I've tried, to show them code (reading before writing). But since no problem is similar to another (unlike a lot of the math courses they take in conjunction - Calculus 1 and 2, linear algebra, finite math, etc. - where they are given some kind of "template" and then they go ahead and "do it" many times), they are always baffled with the "next time". Thus, I'm not sure an algebraic experiment is a litmus test for this subject.

Students (and so does the author of this blog) expect that they be given information they can "mimick", just like they do in their math courses. They resent the fact that this course is different, and they need to come up - every time - with a similar, but different, solution. But is mimicking ("reading before writing") the way to learn something that is a bit different every time.
I always found that the class is split into two groups: those that enjoy the challenge and those that resent it. Those that understand why CS1 is different than Math1, and those that complain because they don't understand.

A way of getting to this latter group would be greatly appreciated.

One last point: The slogan "reading before writing" is catchy, but I don't think it's really the way we learn. "Talking before reading" would be more accurate. When learning a new (natural) language, one must learn to speak it before he attempts to read or write in it. It's the way toddlers learn as well. Otherwise, one doesn't know what he is seeing.

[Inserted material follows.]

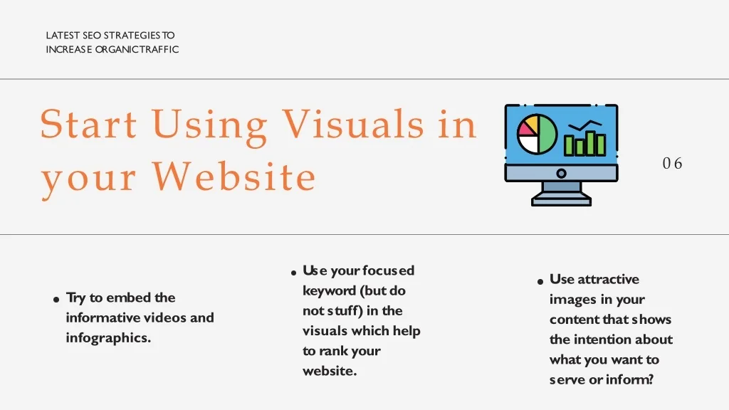 LATESTSEOSTRATEGIESTO INCREASEORGANICTRAFFIC StartUsingVisualsin yourWebsite 06 Useyourfocused keyword(butdo notstuff)inthe visualswhichhelp torankyour website. Use attractive images in your contentthatshows theintentionabout what you want to serveorinform? Trytoembedthe informativevideosand infographics.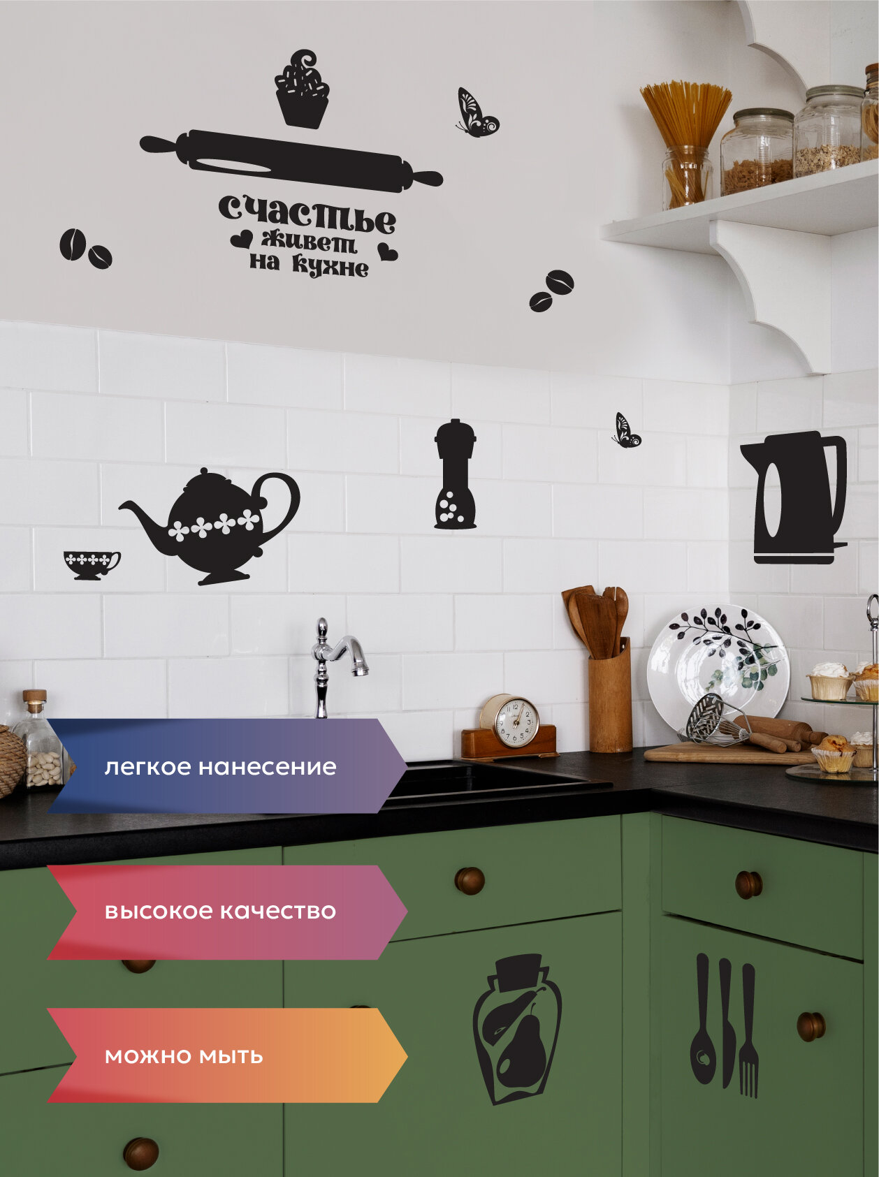 СохранитьНаклейка декоративная на стену, на фасад, на холодильник счастье живет на кухне интересное:

I'm not sure what the analogy would be as far a learning to program ("syntax before programs" ?!?!).


Arend Rensink

It seems to me you are implicitly equating "teaching programming by having students program", or more generally "teaching problem-solving by having students solve problems", with "minimally-guided instruction". I think the two need not be the same.

I have always strongly disbelieved that you could teach anyone swimming by throwing them into the deep, or equivalently, teach them anything at all by having them struggle on their own. I have never understood why anyone would think that this is a good way to convey insight or skills. However, not having students practice those skills that they have to learn is just as obviously wrong.

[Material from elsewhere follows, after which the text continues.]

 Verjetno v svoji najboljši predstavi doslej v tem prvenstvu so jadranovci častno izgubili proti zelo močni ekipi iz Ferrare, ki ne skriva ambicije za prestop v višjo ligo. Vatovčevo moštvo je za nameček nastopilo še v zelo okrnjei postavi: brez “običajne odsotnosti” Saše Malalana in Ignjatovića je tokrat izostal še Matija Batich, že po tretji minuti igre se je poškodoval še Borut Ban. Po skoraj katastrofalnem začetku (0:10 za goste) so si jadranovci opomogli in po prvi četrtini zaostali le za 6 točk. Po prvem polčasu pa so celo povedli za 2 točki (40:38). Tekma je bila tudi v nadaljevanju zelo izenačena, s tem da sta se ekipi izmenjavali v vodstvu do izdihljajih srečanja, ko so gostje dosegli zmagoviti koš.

The answer is quite obvious, and in line with how subjects are taught in virtually all of our courses (at the University of Twente): you show how things are done on the basis of a few examples, then let students solve similar problems on their own. You walk around and help them when they are stuck. Then you set them harder problems that they have to solve with less guidance.

I think it is sad to see that this obvious, common-sense approach is apparently so far from the norm that I am only the second in this thread (after Lewchuk) to even make this observation.


Ralph Johnson

It is fine to learn programming on your own. Millions of people have done so, including most of those who took a course in introductory programming. Most teachers just teach the syntax and demonstrate how to write programs and let people figure it out on their own. This is fine for those who are capable of figuring it out, but it fails those who really need a teacher. We need to learn how to teach programming, not for those who can figure it out on their own, but for those who can't.

Mark Guzdial raised the question of why people haven't followed up on Linn and Clancy's work. I think this was partly because the material they developed was all in Pascal, and Pascal was just falling out of favor then. Another reason is that it is very hard to get old teachers to pick up new methods. You need to give them all the materials they need, to give them a system that they can use. Inventing good case studies is hard. Teachers are busy. Many of them don't know enough to construct good case studies, the others are not sure it will help.